Отец и мать Владимира Ильича — живые исторические лица. Нельзя поэтому, не греша против истины, вкладывать им в уста слова, которые они не произносили. Нельзя поэтому говорить в категорической форме о тех или иных душевных их переживаниях если это фактически неизвестно — на основании только допущений, предположений и т.д.

Как бы строго и чутко ни подходил автор к своей теме, форма романа в данном случае a priori не может не вести к искажению действительности. Едва ли кто-нибудь будет отрицать это. Поэтому следовало бы предпочесть описательную форму изложения и вместе с тем менее категорическую. Что-нибудь вроде семейной хроники, где не обязательно нужно ставить точки над всеми «і», где автор может более строго придерживаться фактов и меньше прибегать к своей фантазии.

Может ли форма романа сколько-нибудь искупить неизбежные при ней фактические неточности и элементы фантазии? Думается, что нет.

Семейная хроника, я бы сказал, не требует той категоричности утверждений, как роман. Там можно допустить условные, предположительные утверждения, благодаря чему, при недостатке фактов, истина только выиграет.

Например, на стр. 46—47 автор очень категоричен в вопросе о происхождении Ильи Николаевича: «Потомок степных калмыков», «древняя азиатская кровь монгола» — и готовит из этого уже вывод: «дикой лаской» (стр. 54).
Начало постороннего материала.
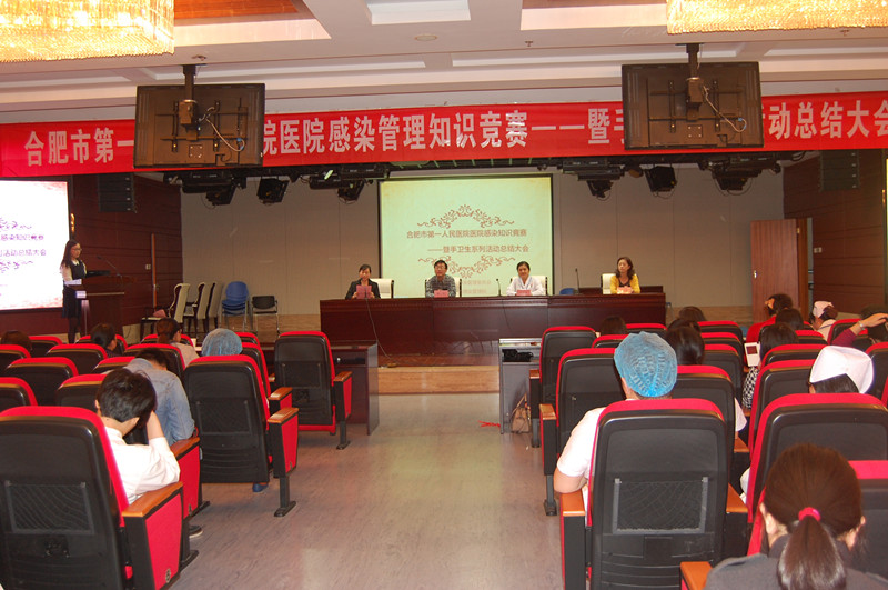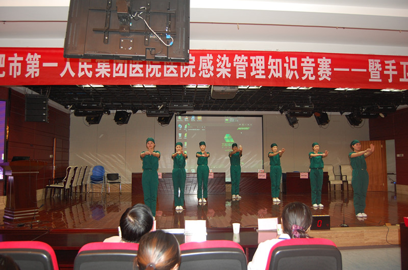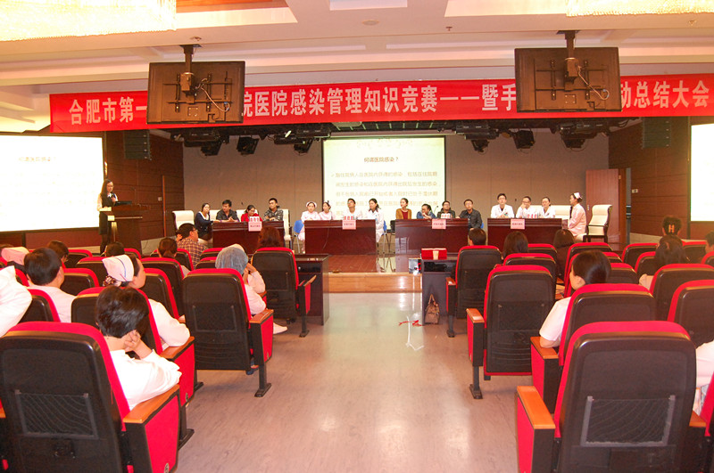 下午,医院感染管理知识竞赛——暨手卫生系列活动总结大会与在滨湖医院医技楼16楼大礼堂举行。作为手卫生系列活动之一,也是今年手卫生活动的收官之作,医护人员斗志昂扬,参赛选手由本部、滨湖、蜀山、庐阳四个院区分别推选4名优秀选手进入知识问答环节,来自集团内医务人员近200人到现场观看比赛,于书记、阚院长、牛院长亲临比赛现场为选手加油助威。比赛经过稳中求胜的必答环节和紧张刺激的抢答环节,经过激烈角逐,院感知识竞赛优秀代表队奖被庐阳分院夺得。比赛结束,医院感染管理科把爱萍对本次手卫生系列活动作了全面生动的总结,院领导为获奖选手和优秀代表队颁发了奖品和证书,以资鼓励。最后,手术室护士带来的生动活泼的《洗手舞》表演得到了全场热烈的掌声。2015年度集团内手卫生系列活动在热烈的气氛中落下帷幕,活动取得圆满成功。
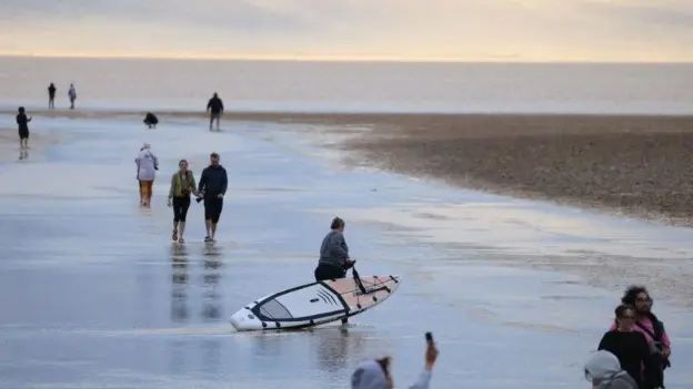 Además de navegar en kayak, los visitantes han instalado sillas de playa y se ha visto a niños en bañador dándose un chapuzón en la nueva masa de agua.
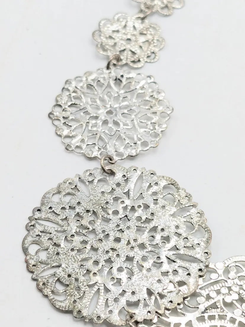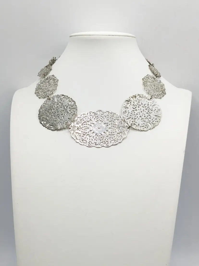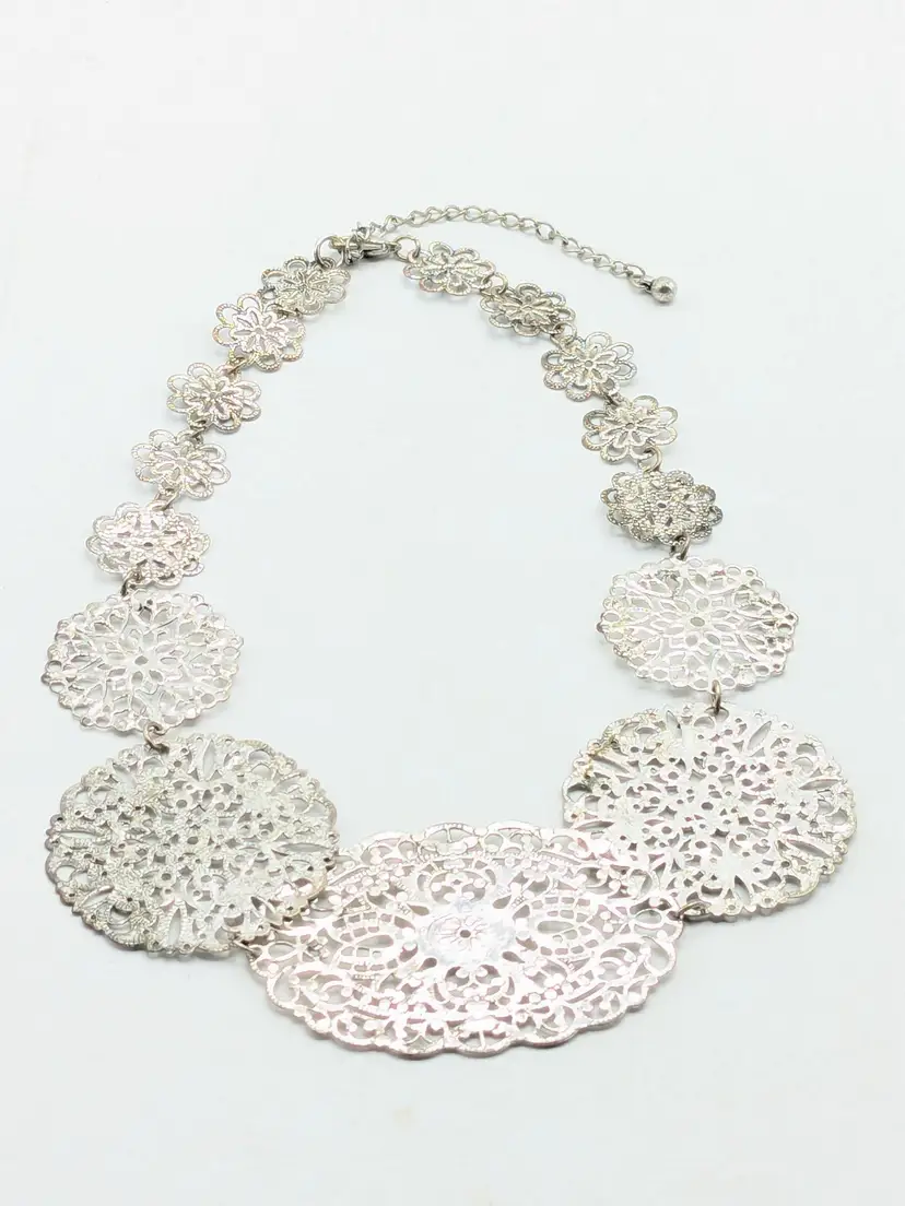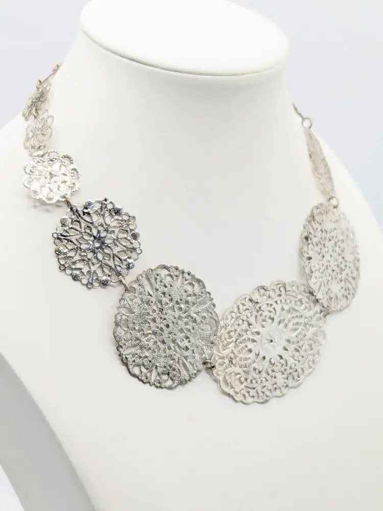 Good condition. Elegant lightweight necklace featuring intricate silver filigree designs. Perfect for adding a touch of sophistication to any outfit. Measures 15" + 3" extender. (EN2)
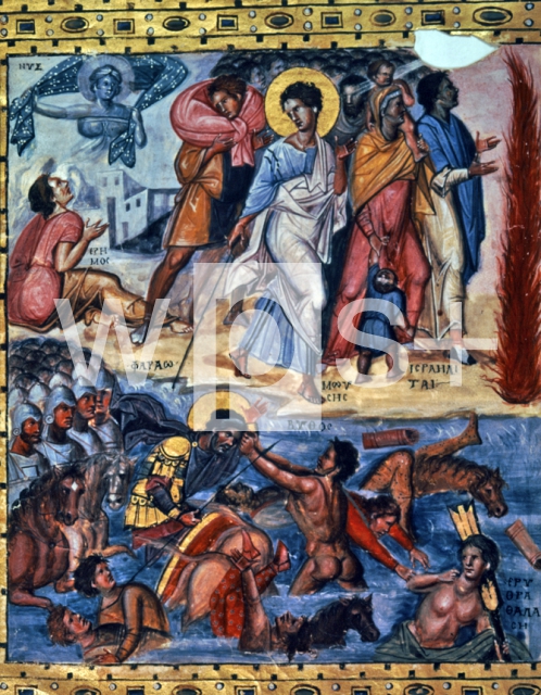 10世紀初頭|ミニアチュール(挿絵)|パリ:国立図書館 備考|旧約聖書「出エジプト記」の物語。ギリシアのミニアチュール、「パリ詩篇」より。
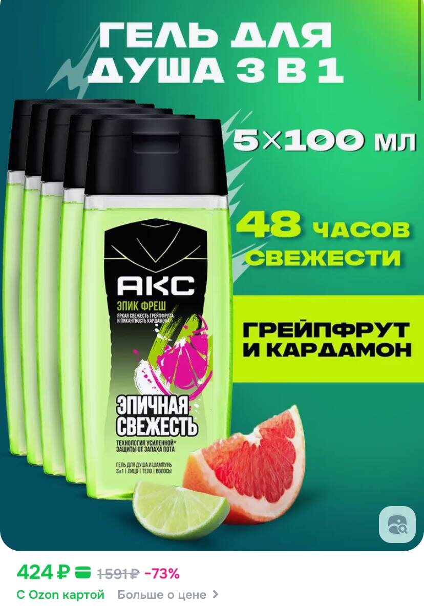 Акс Гель для душа для умывания лица шампунь мужской 3в1 Эпик Фреш 100 мл 5 шт https://ozon.ru/t/HUBVbjm ✅ Канал по скидкам 🔣 Бот с промокодами
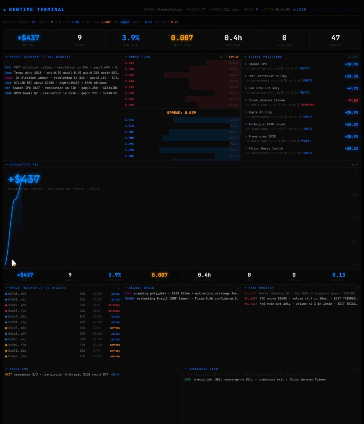 @LunarResearcher's viral thread about building a Polymarket trading bot with Claude Code reads like fiction but maps to real tools and repos. The core claim: connecting Claude Code to Polymarket's 86 million trade dataset, identifying 47 wallets with 70%+ win rates, and building a scanner that filters 500+ markets in real time. The key insight buried in the thread is about exits, not entries: "Same exact entries. The exits make it a completely different game." Top wallets capture 86% of the expected move and cut losers at 12%, while everyone else holds losers to 41%. Whether the claimed $8,700 return on an $800 seed is real or embellished, the underlying architecture of using AI as a runtime for data analysis rather than a chatbox for generating prompts reflects a broader shift in how people think about these tools.

Думаю, что так безоговорочно утверждать нельзя; автор берет на себя слишком большую смелость. Конечно, мы живем не в III империи, а расовые вопросы не имеют для нас значения; нам неважно, был ли отец Ильича «чистокровным» калмыком или калмыком такой-то пробы, но справедливость требует сказать, что автор романа, несмотря на свои изыскания в Астрахани, имеет не больше права, чем всякий другой из нас, делать такие категорические выводы. Да и с какой целью он это делает? Что это по существу должно или может характеризовать?

В какую семью на Руси не попала монгольская кровь — если не в период татарского ига, то в последующие века, когда русские жили бок о бок с монгольскими племенами. Особенно в таком полутатарском городе, каким является Астрахань. Нет надобности особенно разбираться в семейных летописях, чтобы объяснить раскосые глаза или въедающиеся больше обычного скулы. Если бы характеристика предков касалась существа дела, например, особого склада ума, каких-либо талантов или особых способностей и пристрастий, тогда бы это было важно. Но вопросы о чистокровности и кровности сами по себе не стоят ломаного гроша.

Или (стр. 49): «Он не был политиком», т.е. отец Ильича. Так категорично и общо сказать нельзя, тем более что через десять страниц автор вкладывает в его уста фразу: «И подумай, ведь этот народ был насильственно скован самодержавием... Сколько же талантов он даст освобожденный!» Что Илья Николаевич не был революционером — сказать можно, но не больше.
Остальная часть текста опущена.